__EXTRACTED ENTRIES__
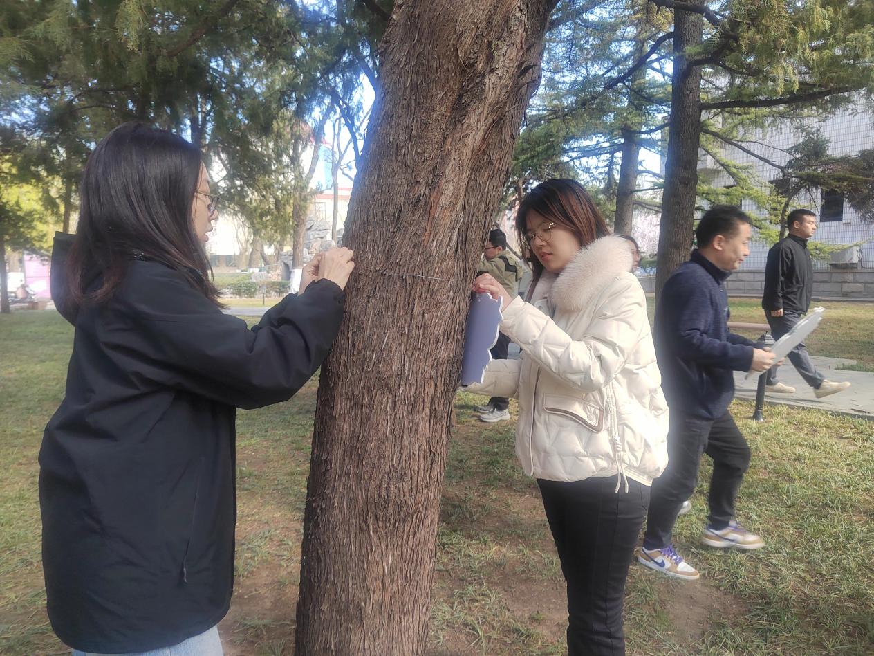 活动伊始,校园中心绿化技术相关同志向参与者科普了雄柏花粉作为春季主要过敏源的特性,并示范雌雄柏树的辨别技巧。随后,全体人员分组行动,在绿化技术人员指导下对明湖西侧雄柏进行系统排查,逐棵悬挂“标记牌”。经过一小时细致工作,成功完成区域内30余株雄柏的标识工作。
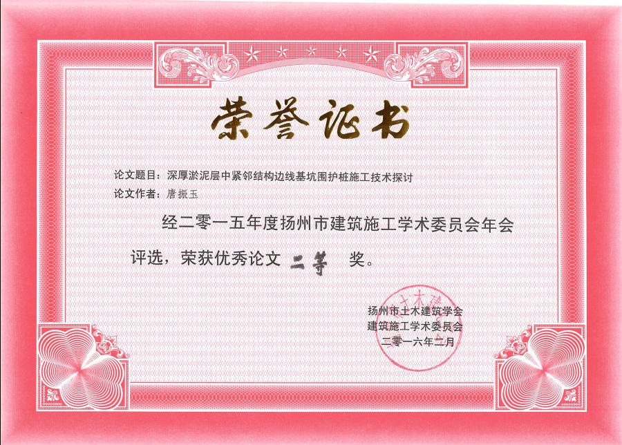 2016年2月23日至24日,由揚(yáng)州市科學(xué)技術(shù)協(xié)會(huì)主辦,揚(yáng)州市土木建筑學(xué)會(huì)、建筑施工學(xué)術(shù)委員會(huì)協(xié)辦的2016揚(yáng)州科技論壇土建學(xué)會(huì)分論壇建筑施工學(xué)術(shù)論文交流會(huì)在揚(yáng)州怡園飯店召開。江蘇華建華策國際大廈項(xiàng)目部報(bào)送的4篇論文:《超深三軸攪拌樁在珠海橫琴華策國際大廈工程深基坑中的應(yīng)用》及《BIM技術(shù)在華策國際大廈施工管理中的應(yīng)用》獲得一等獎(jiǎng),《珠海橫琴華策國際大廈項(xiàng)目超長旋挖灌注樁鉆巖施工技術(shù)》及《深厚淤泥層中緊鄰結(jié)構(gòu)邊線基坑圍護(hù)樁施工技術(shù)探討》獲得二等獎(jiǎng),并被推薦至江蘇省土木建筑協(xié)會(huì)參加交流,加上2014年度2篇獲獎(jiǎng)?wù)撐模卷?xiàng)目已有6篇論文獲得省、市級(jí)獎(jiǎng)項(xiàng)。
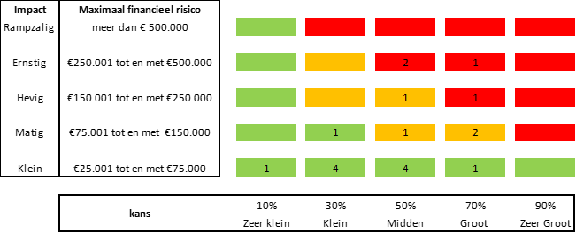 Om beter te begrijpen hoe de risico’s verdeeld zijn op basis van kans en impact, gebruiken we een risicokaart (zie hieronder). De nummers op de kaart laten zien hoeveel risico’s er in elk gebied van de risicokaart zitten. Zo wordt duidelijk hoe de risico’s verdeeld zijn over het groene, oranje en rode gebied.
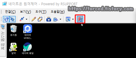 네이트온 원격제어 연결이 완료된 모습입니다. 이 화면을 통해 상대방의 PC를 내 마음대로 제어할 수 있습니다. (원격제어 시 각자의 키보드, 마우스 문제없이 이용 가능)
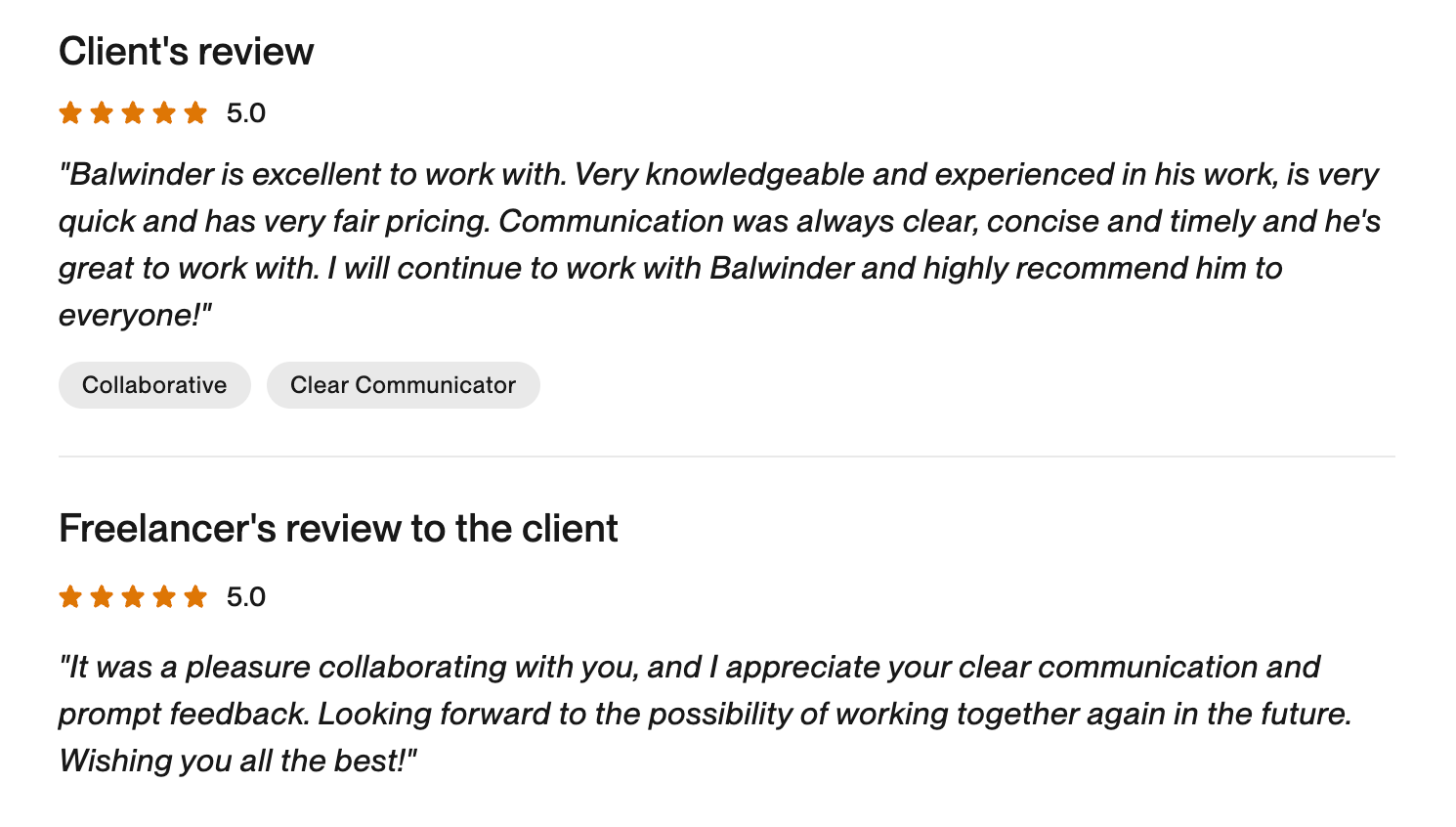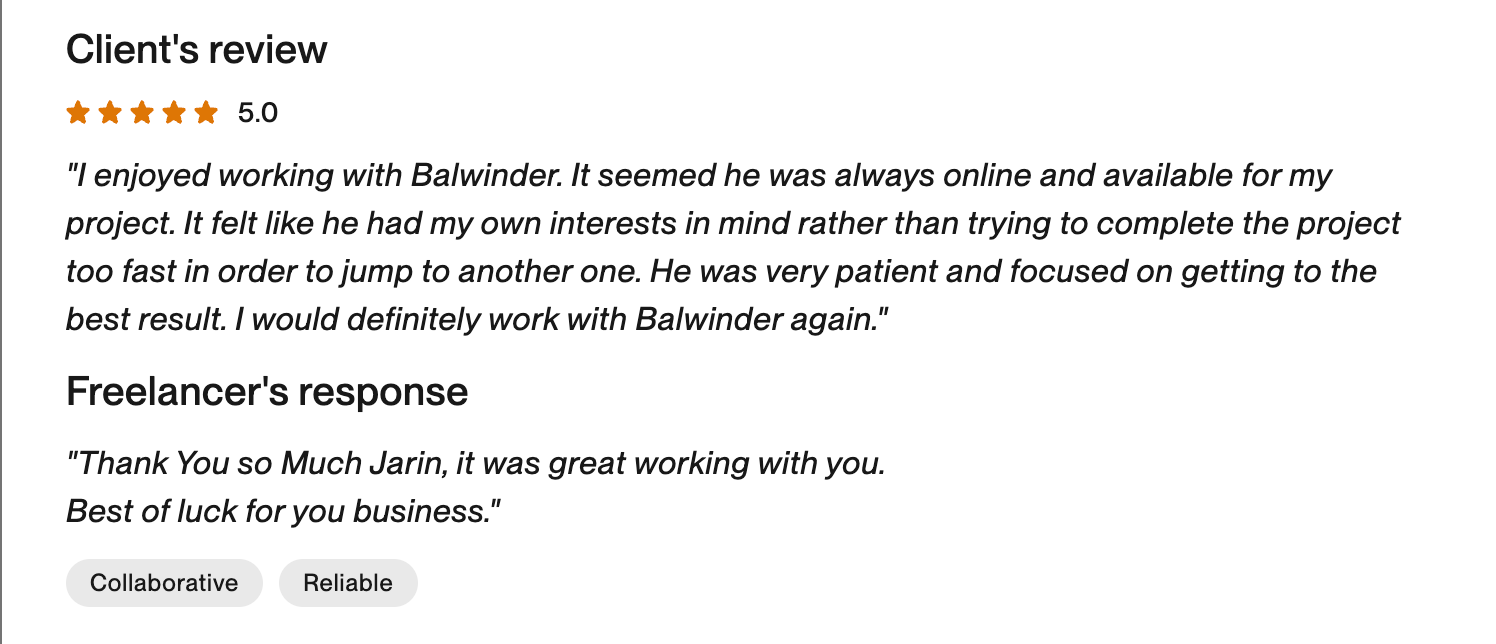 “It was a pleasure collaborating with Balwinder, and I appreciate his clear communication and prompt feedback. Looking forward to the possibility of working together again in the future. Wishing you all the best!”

__WHAT IS BEING ASKED__
A word-for-word copy is needed, starting at the first line of the listing and ending with the line bearing "네이트온 원격제어 연결이". No pictures.

__ANSWER SPACE__
 活动伊始,校园中心绿化技术相关同志向参与者科普了雄柏花粉作为春季主要过敏源的特性,并示范雌雄柏树的辨别技巧。随后,全体人员分组行动,在绿化技术人员指导下对明湖西侧雄柏进行系统排查,逐棵悬挂“标记牌”。经过一小时细致工作,成功完成区域内30余株雄柏的标识工作。
 2016年2月23日至24日,由揚(yáng)州市科學(xué)技術(shù)協(xié)會(huì)主辦,揚(yáng)州市土木建筑學(xué)會(huì)、建筑施工學(xué)術(shù)委員會(huì)協(xié)辦的2016揚(yáng)州科技論壇土建學(xué)會(huì)分論壇建筑施工學(xué)術(shù)論文交流會(huì)在揚(yáng)州怡園飯店召開。江蘇華建華策國際大廈項(xiàng)目部報(bào)送的4篇論文:《超深三軸攪拌樁在珠海橫琴華策國際大廈工程深基坑中的應(yīng)用》及《BIM技術(shù)在華策國際大廈施工管理中的應(yīng)用》獲得一等獎(jiǎng),《珠海橫琴華策國際大廈項(xiàng)目超長旋挖灌注樁鉆巖施工技術(shù)》及《深厚淤泥層中緊鄰結(jié)構(gòu)邊線基坑圍護(hù)樁施工技術(shù)探討》獲得二等獎(jiǎng),并被推薦至江蘇省土木建筑協(xié)會(huì)參加交流,加上2014年度2篇獲獎(jiǎng)?wù)撐模卷?xiàng)目已有6篇論文獲得省、市級(jí)獎(jiǎng)項(xiàng)。
 Om beter te begrijpen hoe de risico’s verdeeld zijn op basis van kans en impact, gebruiken we een risicokaart (zie hieronder). De nummers op de kaart laten zien hoeveel risico’s er in elk gebied van de risicokaart zitten. Zo wordt duidelijk hoe de risico’s verdeeld zijn over het groene, oranje en rode gebied.
 네이트온 원격제어 연결이 완료된 모습입니다. 이 화면을 통해 상대방의 PC를 내 마음대로 제어할 수 있습니다. (원격제어 시 각자의 키보드, 마우스 문제없이 이용 가능)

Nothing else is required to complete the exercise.